Within the records that follow, restate exactly the lines from the line with "Equities continue to" down to the line with "Wichtiger Hinweis: Ein", including both. Omit the pictures.

Recorded information:
━━━━━━━━
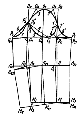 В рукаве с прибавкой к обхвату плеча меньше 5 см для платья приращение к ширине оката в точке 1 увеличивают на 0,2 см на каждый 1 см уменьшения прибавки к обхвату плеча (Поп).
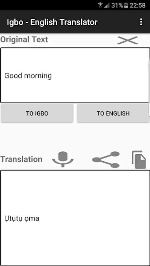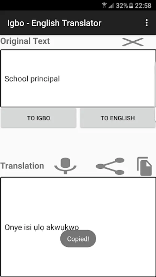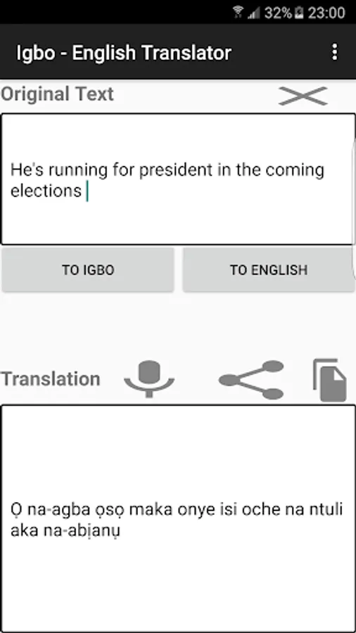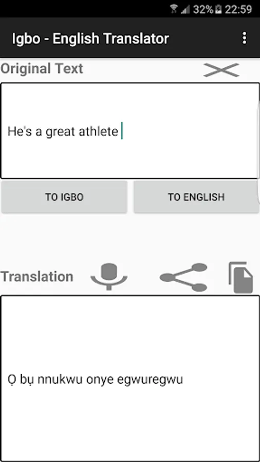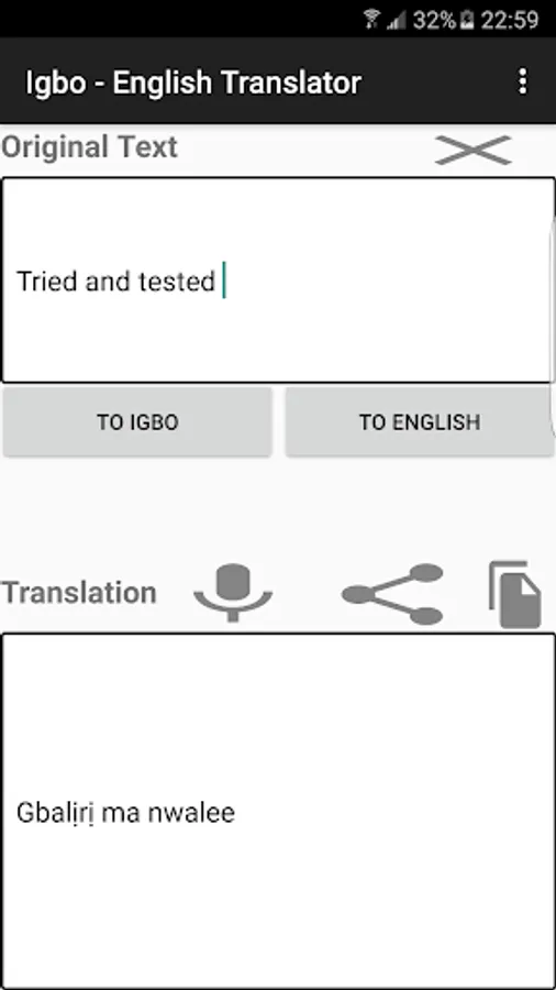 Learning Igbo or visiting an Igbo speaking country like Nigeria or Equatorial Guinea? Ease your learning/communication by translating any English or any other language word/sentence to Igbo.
━━━━━━━━
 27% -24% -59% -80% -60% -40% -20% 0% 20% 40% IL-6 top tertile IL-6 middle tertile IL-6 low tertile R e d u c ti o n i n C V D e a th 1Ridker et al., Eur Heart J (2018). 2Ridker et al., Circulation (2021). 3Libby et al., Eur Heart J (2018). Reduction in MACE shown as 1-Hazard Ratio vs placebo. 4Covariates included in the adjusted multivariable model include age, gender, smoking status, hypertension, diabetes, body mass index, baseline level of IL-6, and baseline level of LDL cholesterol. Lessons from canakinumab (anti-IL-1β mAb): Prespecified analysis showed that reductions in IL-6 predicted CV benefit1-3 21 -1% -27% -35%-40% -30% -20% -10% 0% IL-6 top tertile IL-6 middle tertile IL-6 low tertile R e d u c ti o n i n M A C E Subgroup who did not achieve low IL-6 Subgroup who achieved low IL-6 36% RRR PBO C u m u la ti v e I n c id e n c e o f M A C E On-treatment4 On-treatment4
━━━━━━━━
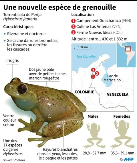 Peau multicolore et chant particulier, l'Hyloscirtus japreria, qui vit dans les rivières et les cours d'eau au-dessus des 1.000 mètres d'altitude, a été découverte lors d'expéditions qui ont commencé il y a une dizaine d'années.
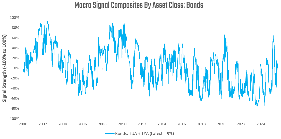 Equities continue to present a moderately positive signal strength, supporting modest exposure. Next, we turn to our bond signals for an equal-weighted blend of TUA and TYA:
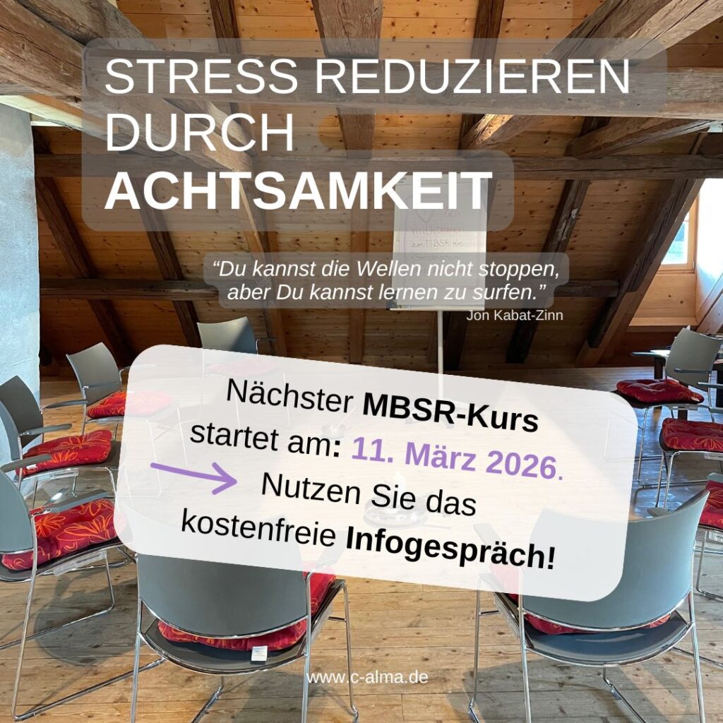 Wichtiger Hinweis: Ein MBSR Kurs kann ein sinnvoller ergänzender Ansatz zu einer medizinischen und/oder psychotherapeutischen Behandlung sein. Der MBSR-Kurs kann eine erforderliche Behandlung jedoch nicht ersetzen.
━━━━━━━━
Answer section:
 Equities continue to present a moderately positive signal strength, supporting modest exposure. Next, we turn to our bond signals for an equal-weighted blend of TUA and TYA:
 Wichtiger Hinweis: Ein MBSR Kurs kann ein sinnvoller ergänzender Ansatz zu einer medizinischen und/oder psychotherapeutischen Behandlung sein. Der MBSR-Kurs kann eine erforderliche Behandlung jedoch nicht ersetzen.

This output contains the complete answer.